Роботизированные протезы нижних конечностей Giselle-21. Длина рассчитана по индексу. Иксовая форма с проваленным коленным модулем, та самая форма, которую ласково зовут «сабелькой». Вывернутая голень для абсолютных балетных позиций и тот идеальный высокий подъем, который танцовщицы часами растягивают, засовывая стопы под батареи. И да, стопа… Не стопа вовсе, а имитация пуанта с внутренним механизмом, поднимающим на три режима: стопа, полупальцы и пальцы.
Совершенные. Те ноги, которых жаждут маленькие девочки в балетной школе. Которые гнут, тянут, ломают каждый день, сжимая зубы от боли. Те, которых у меня никогда не было.
Ковыряю ногтем трещину, узкий зазор между живой плотью и мертвой. Вспомнить, почувствовать. Ковыряю до крови.
Сломанная кукла с сияющими ногами на рекламном щите. Не ноги отняли от тебя, а тебя отняли от ног.

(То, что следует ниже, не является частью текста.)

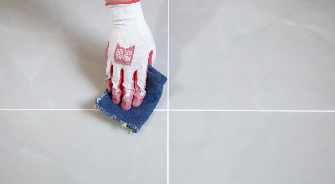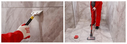 用吸尘器或毛刷清理粉尘:使用粉尘吸尘器将瓷砖缝隙内部的粉尘吸干净,瓷砖缝隙两侧2cm宽采用抹布擦洗干净,保证瓷砖缝隙内不潮湿,无粉尘、颗粒、油渍、疏松物等,同时清洁瓷砖表面污染物。如担心使用吸尘器清洁仍不够彻底,可继续采用毛刷清理吸尘器处理不到或难以处理的位置,保证所有的瓷砖缝隙干燥无粉尘。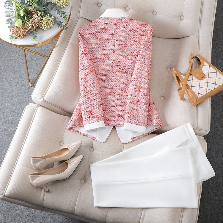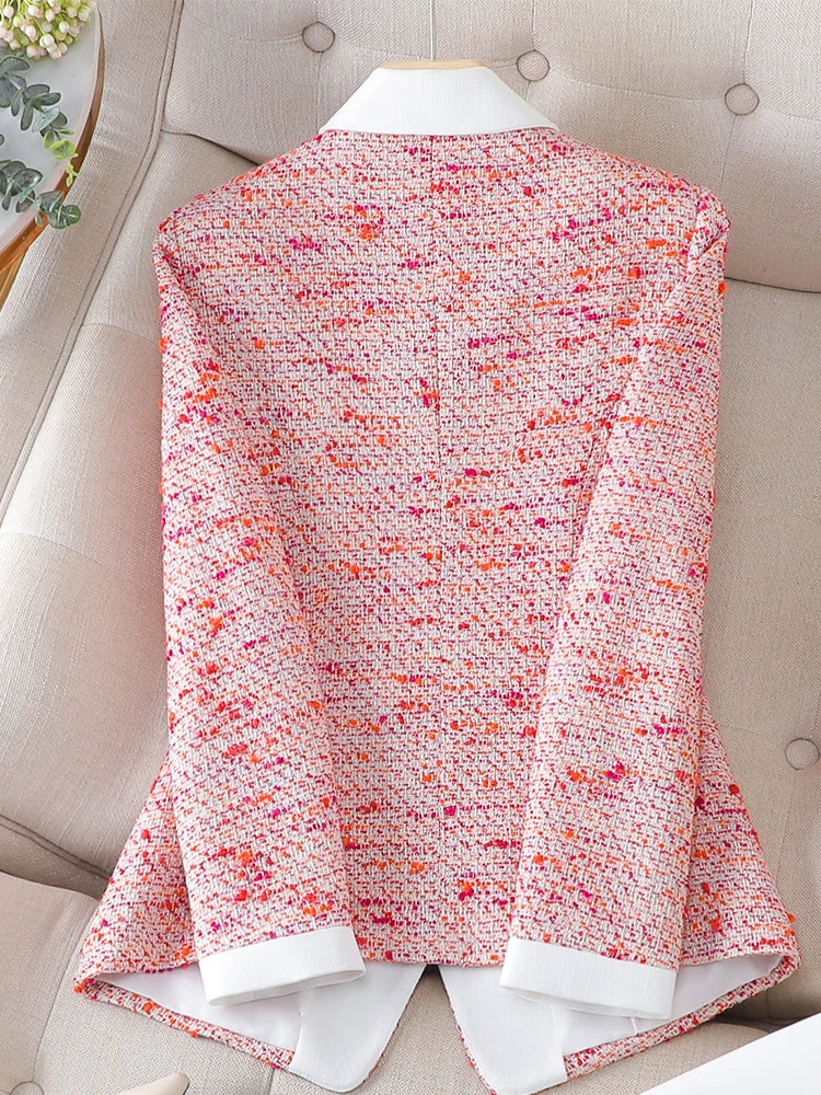 Fashion Red Plaid Ladies Blazer Jacket Women Long Sleeve Single Breast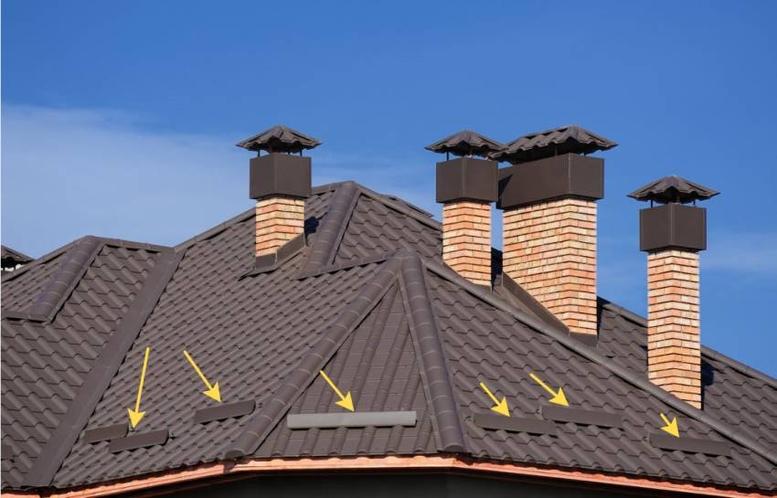 Многие при монтаже металлочерепицы задаются вопросом о том, следует ли обустраивать под нею контрбрус. Так вот, создание минимального вентиляционного отверстия под металлочерепицей, в пределах 4-5 см, необходимо для того, чтобы исключить образование конденсата под кровлей, увеличив тем самым срок её непрерывного использования.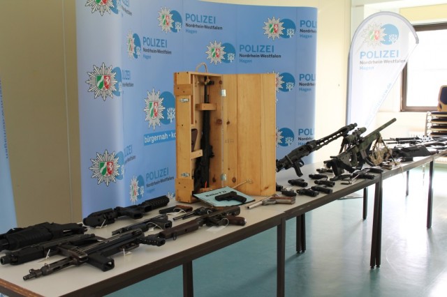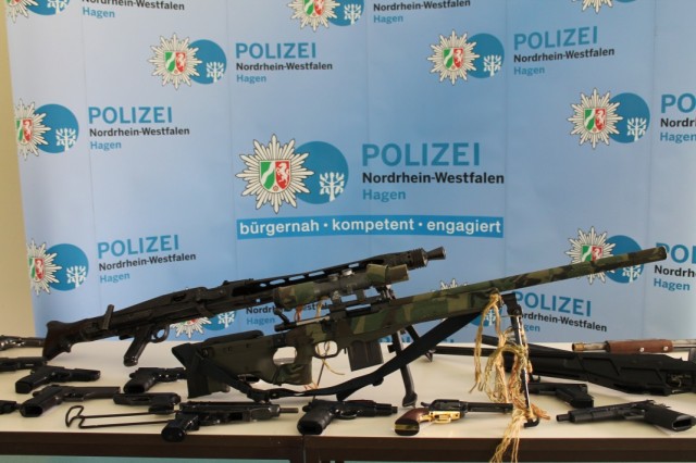 Hagen / Radevormwald - Am Mittwoch, den 28.08.2019, um 06:00 Uhr fanden in den Städten Dortmund, Lünen, Radevormwald, Remscheid, Menden, Duisburg und Wilhelmshaven (Niedersachsen) insgesamt 12 Durchsuchungen wegen illegalem Waffenhandel statt. Diese Maßnahmen sind Ausfluss aus einem von der Staatsanwaltschaft Arnsberg mit der OK-Dienststelle des PP Hagen geführten Verfahrens wegen illegalem Waffenhandel.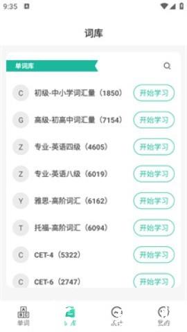 3、在词库列表中挑选想要学习的内容,词库覆盖范围广泛,能轻松找到适配自身水平的单词资源。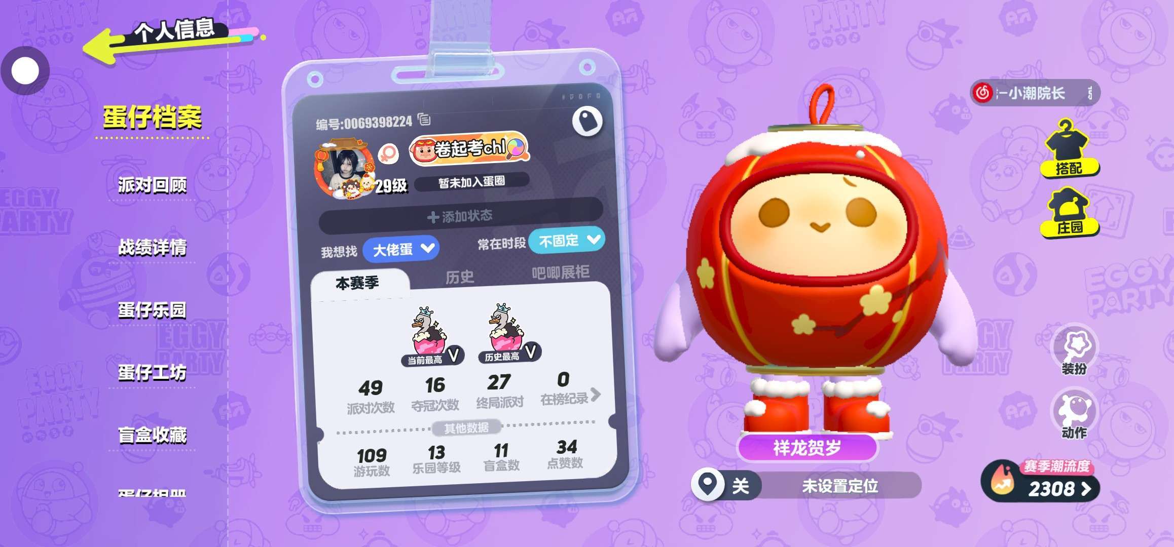 名字:卷起考chl,头像下面↓,段位:鸵鸟蛋,29级,有四个皮肤,我想找大佬蛋,常在时段不固定,赛季潮流度2308,派对次数49,夺冠次数16,终极派对27,在榜记0,游玩次数109,乐园等级13,盲盒数11,点赞数34,本蛋仔很详细的讲了我的号,必须来加我

8– Будьте здоровы, Аркадий Львович!
– Пыль, будь она неладна… Спасибо.
– Машину заказали, завтра вывезут.
– Позолота?
– Краска.
– Канделябры?
– Бутафория.
– Ну и черт с ними. На свалку.
– Кровать тоже?
– Все, все на свалку.
– Голова мышиная ну прямо из фильма ужасов… Ой.
– Что такое?
– Да я пнул, а оттуда… Смотрите, кто-то припрятал.
– Та-а-ак, интересненько.
– Можно выяснить чей?
– Посмотрим, посмотрим… Старье какое-то, включается без отпечатка. Что тут у нас… Странно.
– Что там?
– Список контактов пуст, ни одного сообщения. Фотографий нет.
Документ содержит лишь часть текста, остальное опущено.